A result of this short-term processing is that the statistical independence between the signal of interest s(t) and the loudspeaker signal x(t) may no longer hold in certain situations, except for the trivial case where the signal s(t) is zero. Indeed, this independence is no longer true when it is calculated over short windows of time of several tens to hundreds of milliseconds, typically corresponding to a conventional frame length of a digital signal.
The result, in these situations referred to as “double talk”, i.e. when the useful signal s(t) is non-zero, is bias in the estimation of the acoustic channel, degrading the echo cancellation. Less complex solutions based on processing that uses a stochastic gradient for example, such as the “Normalized Least Mean Square” (NLMS) technique and its derivatives, are very sensitive to the presence of a local signal s(t). During these double-talk situations, if the filter continues to adapt, it may even diverge and ultimately cause echo amplification, the opposite of the desired effect. Also, to be effective, the adaptive filtering solution must be robust to double-talk situations while being able to quickly track changes in the acoustic path.
Ideally, this filtering should process only the data in play, namely the reference signal x(t) and the microphone signal y(t).
To overcome double-talk situations, certain known adaptive filtering processing solutions implement double-talk detection (DTD) systems. A system of this type is described for example in the reference [@jung2005new] for which the publication details are given in the appendix at the end of this description. Such systems disable adaptation during periods identified as double-talk. However, in practice, DTDs suffer from detection delays, which can lead to echoes. On the other hand, in this specific case of binary decisions, adaptation of the filter is frozen during the double-talk period, which is distracting in practice if the filter has not yet finished converging, resulting in a perceptible residual echo.
Other methods have instead proposed to derive an adaptive step size in the estimation of the acoustic path. In the known references, this step size is continuous. Such implementations make it possible, unlike binary decision approaches such as DTDs, to continue to track the acoustic path, including during periods of double-talk. These types of adaptation are usually derived by frequency bands, as follows:
Ŵ(f,k+1)=Ŵ(f,k)+ΔW(f,k)
Working in frequencies makes it possible on the one hand to make the convergence more uniform over the entire frequency range considered. On the other hand, the spectral sparseness of the signals makes it possible to continue to estimate the acoustic channel in one frequency band while freezing the estimate in another. Certain methods, referred to as “Variable Step-Size” or VSS, propose modulating the adaptation ΔW according to different criteria.
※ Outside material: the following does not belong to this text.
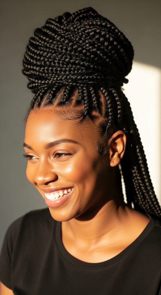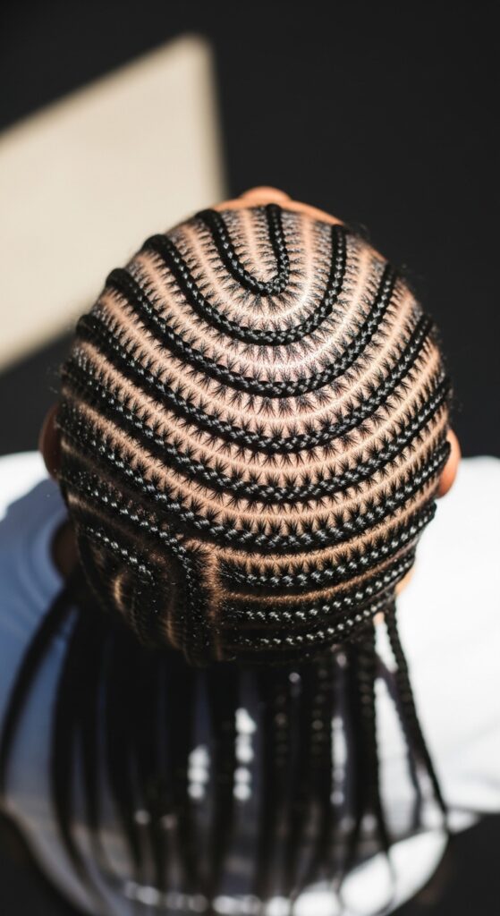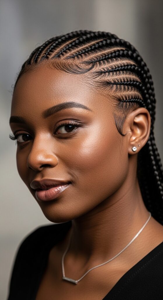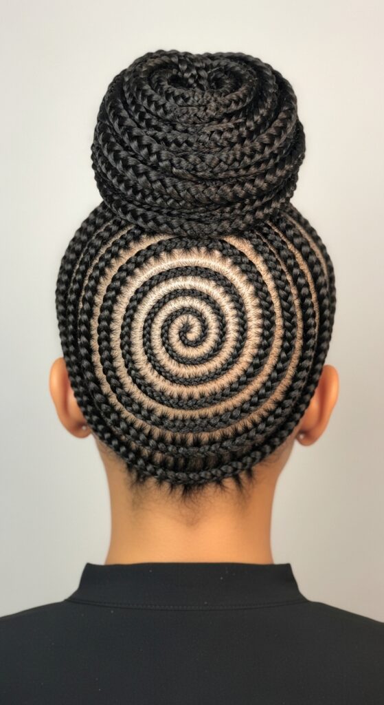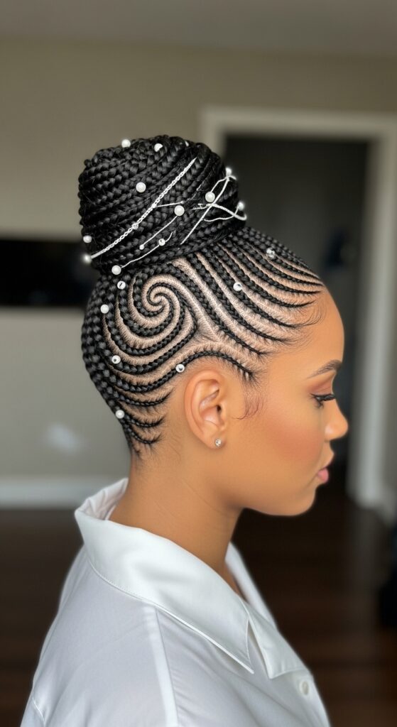When you need to look polished for a wedding or interview, a cornrow updo is your best friend. It’s clean, professional, and takes your outfit up a notch.

It has been attempted to smooth the stochastic adaptation by freezing the iterations deemed to be too random, in particular to avoid random updates due to the presence of double talk.
It has also been attempted to directly measure the local speech presence rate, in the form of a ratio between the energy of the local signal {circumflex over (σ)}y2(t) and that of the echo signal {circumflex over (σ)}z2(t), but this adaptation becomes fixed when this ratio is too high. Since the estimates of the variances {circumflex over (σ)}y2(t)/{circumflex over (σ)}z2(t) are particularly noisy, their direct use in modulating the adaptive step size renders these approaches ineffective in practice: they freeze the adaptation too much, slowing down the speed of convergence, or they limit mismatch insufficiently during the double-talk period.
Other methods are based on an optimal solution of adaptive step size which guarantees a minimal variance of the estimated filter, in view of a minimal echo. This criterion is called “BLUE” for “Best Linear Unbiased Estimate” [@trump1998frequency]. Updating the acoustic path ΔW(k) in the adaptive filtering process according to this criterion allows limiting the residual echo linked to variations of the adaptive filter around its solution (minimum in variance). However, in practice, the BLUE expression depends on second-order statistics of signal s(t) (and more precisely on its statistical autocorrelation matrix Γs) which are unknown and generally variable over time as is the case for non-stationary signals such as speech typically [@van2007double]. The solution presented in [@trump1998frequency] is therefore not yet fully satisfactory.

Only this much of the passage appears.